▶ [WORK TASK]: Would you transcribe the listing exactly as it stands, minus any images?

▶ [DATASET EXCERPT]:
——
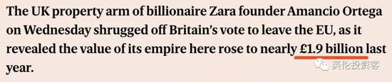 2016年6月23日英国脱欧公投结果一出,很多投资者选择撤出英国,但Zara老板却反其道行之,往伦敦地产追加了近1亿英镑的投资。
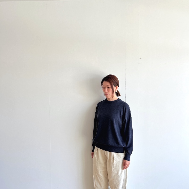 型はいたってシンプルでスタイリングしやすく、個人的にはこの生地の厚みで裾リブの溜まり具合がまた良いかと思います。
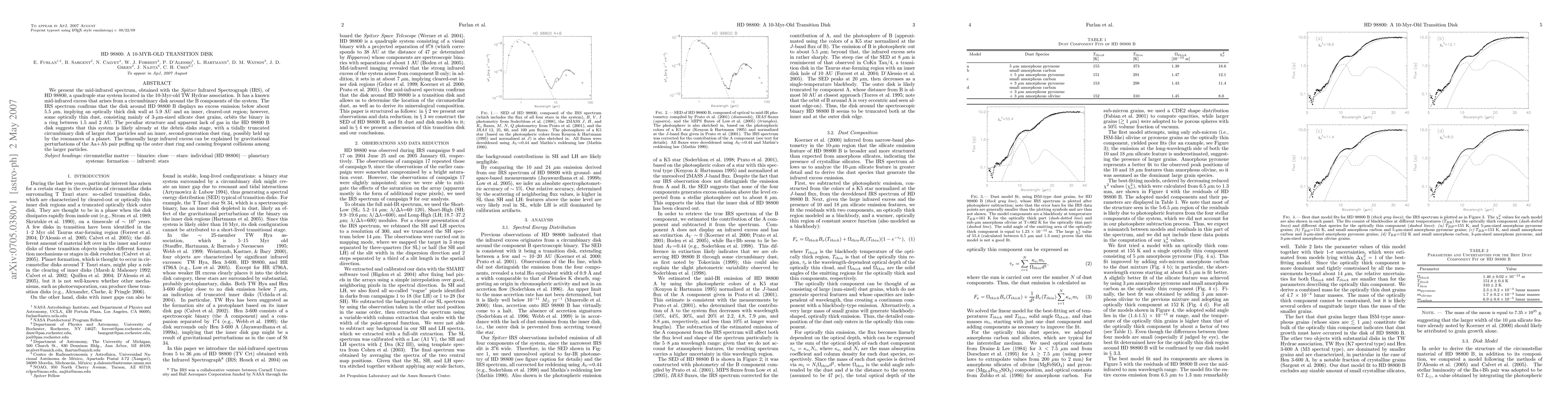 We present the mid-infrared spectrum, obtained with the Spitzer Infrared Spectrograph (IRS), of HD 98800, a quadruple star system located in the 10-Myr-old TW Hydrae association. It has a known mid-infrared excess that arises from a circumbinary disk around the B components of the system. The IRS spectrum confirms that the disk around HD 98800 B displays no excess emission below about 5.5 micron, implying an optically thick disk wall at 5.9 AU and an inner, cleared-out region; however, some optically thin dust, consisting mainly of 3-micron-sized silicate dust grains, orbits the binary in a ring between 1.5 and 2 AU. The peculiar structure and apparent lack of gas in the HD 98800 B disk suggests that this system is likely already at the debris disks stage, with a tidally truncated circumbinary disk of larger dust particles and an inner, second-generation dust ring, possibly held up by the resonances of a planet. The unusually large infrared excess can be explained by gravitational perturbations of the Aa+Ab pair puffing up the outer dust ring and causing frequent collisions among the larger particles.
——
▶ [SOLUTION FOR THIS TASK]:
 2016年6月23日英国脱欧公投结果一出,很多投资者选择撤出英国,但Zara老板却反其道行之,往伦敦地产追加了近1亿英镑的投资。
 型はいたってシンプルでスタイリングしやすく、個人的にはこの生地の厚みで裾リブの溜まり具合がまた良いかと思います。
 We present the mid-infrared spectrum, obtained with the Spitzer Infrared Spectrograph (IRS), of HD 98800, a quadruple star system located in the 10-Myr-old TW Hydrae association. It has a known mid-infrared excess that arises from a circumbinary disk around the B components of the system. The IRS spectrum confirms that the disk around HD 98800 B displays no excess emission below about 5.5 micron, implying an optically thick disk wall at 5.9 AU and an inner, cleared-out region; however, some optically thin dust, consisting mainly of 3-micron-sized silicate dust grains, orbits the binary in a ring between 1.5 and 2 AU. The peculiar structure and apparent lack of gas in the HD 98800 B disk suggests that this system is likely already at the debris disks stage, with a tidally truncated circumbinary disk of larger dust particles and an inner, second-generation dust ring, possibly held up by the resonances of a planet. The unusually large infrared excess can be explained by gravitational perturbations of the Aa+Ab pair puffing up the outer dust ring and causing frequent collisions among the larger particles.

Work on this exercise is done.